Opinion
No. 1446.
November 12, 2009.
Order, Supreme Court, New York County (Edward H. Lehner, J.), entered June 16, 2008, which granted defendants' motion for summary judgment dismissing the complaint, unanimously affirmed, without costs.
Parker Waichman Alonso LLP, Great Neck (Ronni Robbins Kravatz of counsel), for appellants.
McMahon, Martine Gallagher, LLP, Brooklyn (Patrick W. Brophy of counsel), for respondents.
Before: Gonzalez, P.J., Andrias, Saxe, Renwick and Manzanet-Daniels, JJ.
It was raining on the afternoon of October 8, 2005, and all the passengers on the Gray Line double-decker bus were on the lower level. The injured plaintiff testified that he had been standing on the right passenger side, holding the guardrail, when the tour guide told him to step back from the doorway. There were no seats left. As he was talking to the guide, defendant driver slammed on the brakes and the bus, which had been moving about five miles per hour, stopped abruptly.
The driver testified that the bus was stopped at a red light at Madison Avenue and 52nd Street, and when the light turned green, he proceeded at five miles per hour, approximately two or three feet, when a cab "jumped in front of him. According to the driver, he applied the brakes with "medium" pressure.

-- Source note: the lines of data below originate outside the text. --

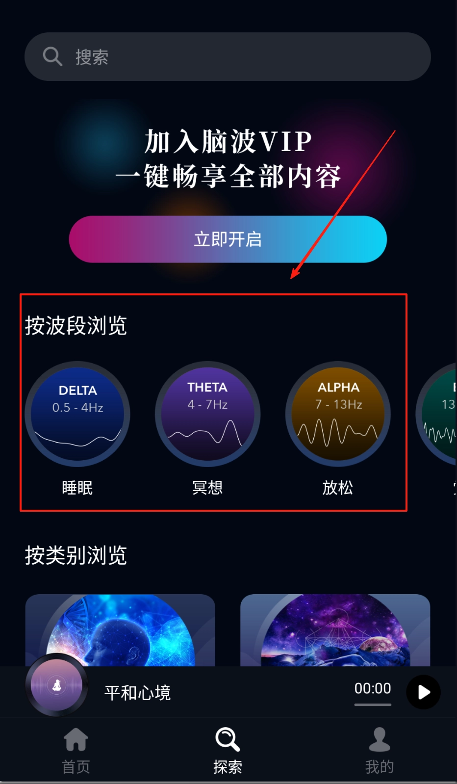 2、进入曲库按Beta-Alpha-Theta波段顺序选择音频,购买前可试听免费片段。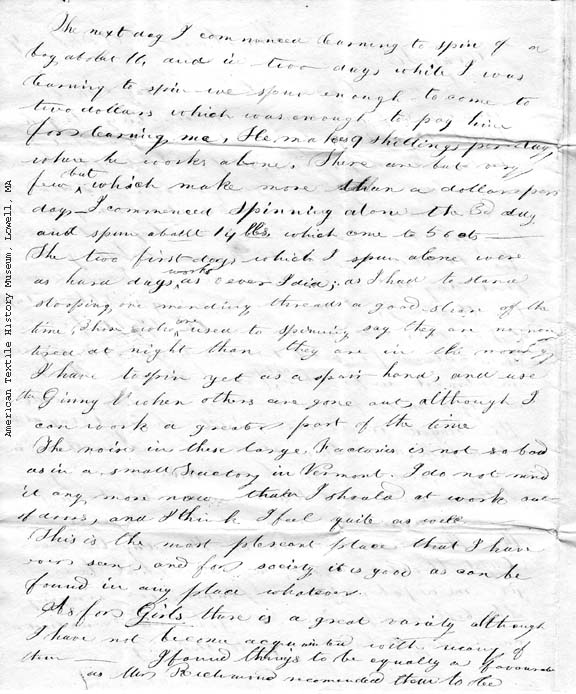 The next day I commenced learning to spin of a boy about 16, and in two days while I was learning to spin we spun enough to come to two dollars, which was enough to pay him for learning (sic) me. He makes 9 shillings per day, when he works alone. There are but very few which make but more than a dollar a day. I commenced spinning alone the 3d day and spun about 14 lbs which come to 56 ct.s –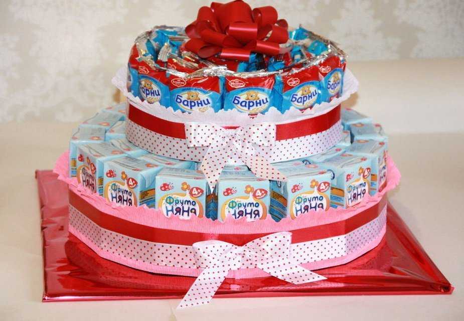 Как сделать детский торт из сока и Барни, киндеров, конфет, чупа-чупсов, чокопай, шоколадок, печенья, пироженых, мыльных пузырей?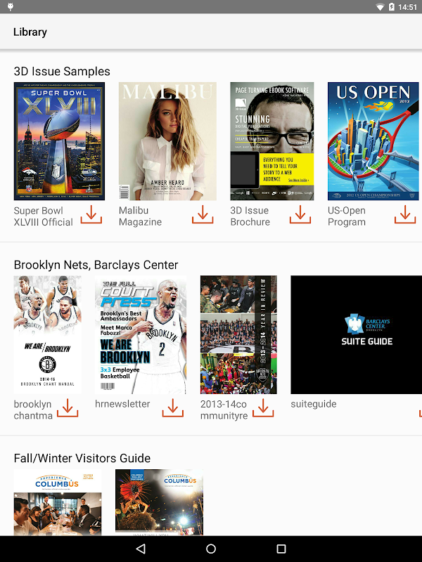 "Flipbook عارض" يسمح لك بتحميل وقراءة المنشورات الرقمية التي تم إنشاؤها باستخدام برنامج 3D العدد (V6 أو أعلى) على جهاز الروبوت الخاص بك.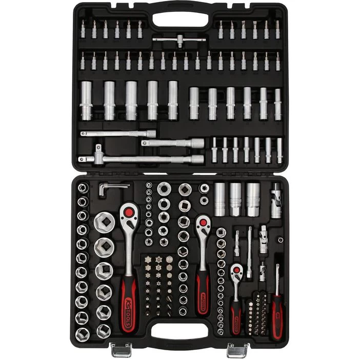 sonstiges: Steckschlüssel-Satz 1/2 Zoll + 3/8 Zoll + 1/4 Zoll, Chrom-Vanadium-Stahl, matt satiniert verchromt, klemmgesicherte Werkzeuge im stabilen Kunststoffkoffer

Defendants invoked the emergency doctrine. In opposition, plaintiffs failed to adduce any evidence that the driver might have created the emergency or could have avoided a collision with the cab by taking some action other than applying his brakes ( see Brooks v New York City Tr. Auth., 19 AD3d 162). Nor did plaintiffs demonstrate that the stop was unusual or violent, and different from the jerks and lurches normally associated with urban bus travel ( cf. Urquhart v New York City Tr. Auth., 85 NY2d 828). Accordingly, there were no triable issues of fact as to defendants' alleged negligence.